Letter to Elin Nordegren

Dear Elin Nordegren,

We just heard that Tiger will be back on the golf course for the Masters in early April. You know, the tournament held at that club in Augusta, Ga., that doesn’t allow women members.

How do you feel about your husband’s return to work? We were happy that you weren’t standing by your man on the day of his 12-step atonement press conference. We imagine you have been taking care of yourself and your children instead. While we have heard so much about Tiger, we mostly wondered how you are doing. We know you have plenty of money, that Alice Walker has written you and your children a letter and that you have family that supports you. But still.

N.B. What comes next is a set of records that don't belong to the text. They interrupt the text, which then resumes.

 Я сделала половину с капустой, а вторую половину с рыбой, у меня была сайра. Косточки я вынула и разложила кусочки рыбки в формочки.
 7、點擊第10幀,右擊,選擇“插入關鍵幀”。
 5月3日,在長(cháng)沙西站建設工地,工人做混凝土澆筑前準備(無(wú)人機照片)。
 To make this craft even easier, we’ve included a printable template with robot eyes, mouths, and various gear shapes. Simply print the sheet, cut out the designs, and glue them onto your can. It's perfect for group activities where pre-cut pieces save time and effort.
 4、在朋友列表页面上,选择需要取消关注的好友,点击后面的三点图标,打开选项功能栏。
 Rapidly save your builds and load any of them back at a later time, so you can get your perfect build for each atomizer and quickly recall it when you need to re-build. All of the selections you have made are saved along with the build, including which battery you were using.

While the media has let us know that the people making money off of Tiger felt betrayed, and that the women he had affairs with felt betrayed,  there has been little space to attend to your betrayal–which should have been private but now cannot be. The particularity of your pain is not honored. Somehow, the corporate betrayal has trumped yours, and since we all “know” your husband from his famous public persona, our voyeuristic culture has somehow equated your sadness with our own.

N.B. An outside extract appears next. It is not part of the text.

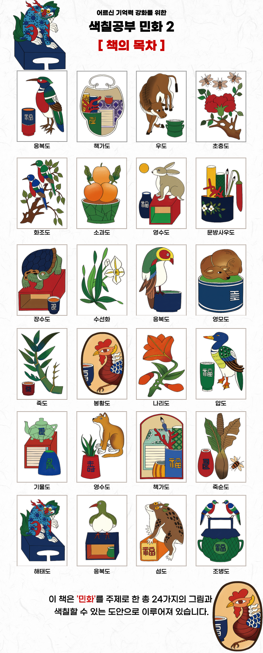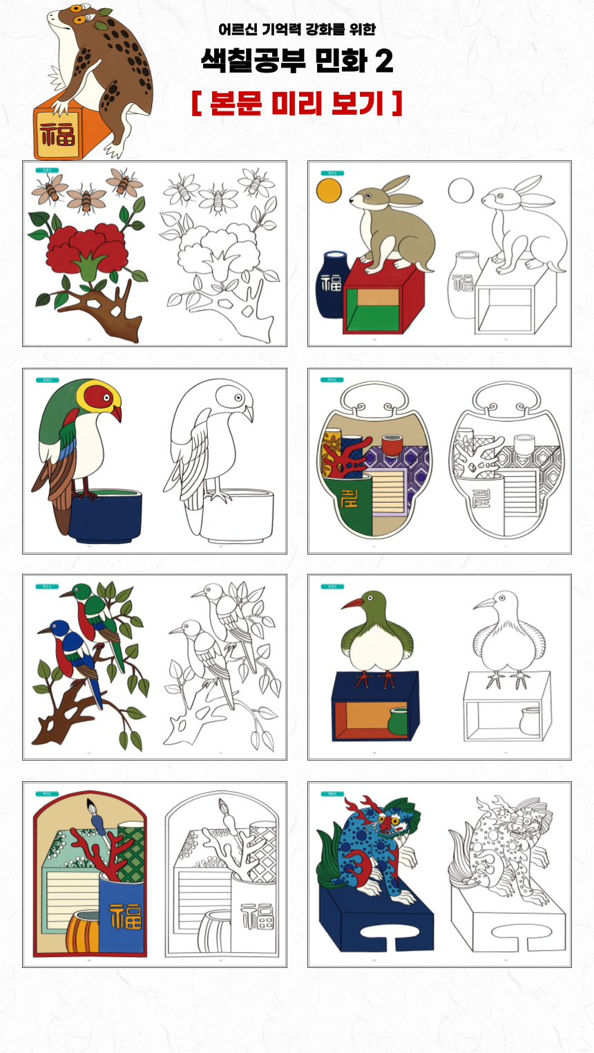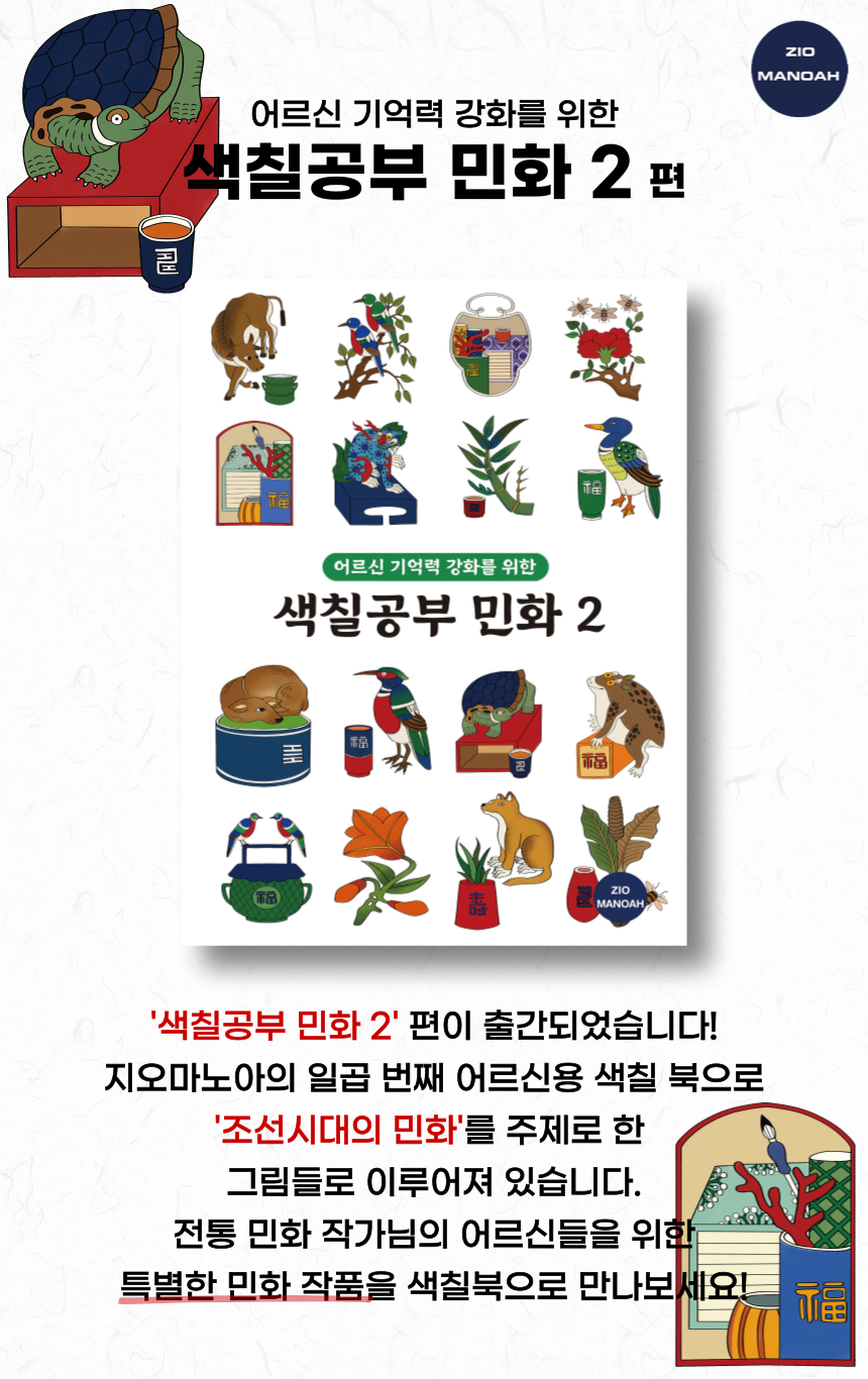 시니어 인지훈련 색칠공부 7 - 민화2 / 뇌훈련 기억력 노인그림그리기

Meanwhile, at your husband’s press conference, he looked so sad, so lost, so repentant–one might have thought that he had killed all those women, not simply slept with them. As he continued to talk, we kept thinking, “Imagine if real killers came on television and repented? Imagine Bush and Cheney having to appear on the screen after having spent a month in round-the-clock therapy to help them deal with the enormity of their war crimes?” But no, those who systematically plot the killings of  thousands of people are rarely held as accountable as even a cheating spouse.

No matter how we might personally feel about your husband’s behavior, Elin, we watched with increasing discomfort as the media and his sponsors went from deeming him a chosen one to treating him as a predator. Such punishment for indiscretions reveal that racism is still with us, and you and your multiracial toddlers are caught in the middle of all of this.

From where we sit, the person Tiger needs to apologize to is you, then perhaps to your children when they are older and perhaps also to the women he bedded–but then again,they are all adults, made their own choices and knew he was married. If anything, they may have some amends to make to you. It is still unclear to us whether the male public, at least, wanted to punish Tiger for getting caught or for the acts themselves; so many men continue to consume women at their pleasure that they could not have appreciated having a high-profile man take such a fall for doing what they perhaps might wish to do themselves..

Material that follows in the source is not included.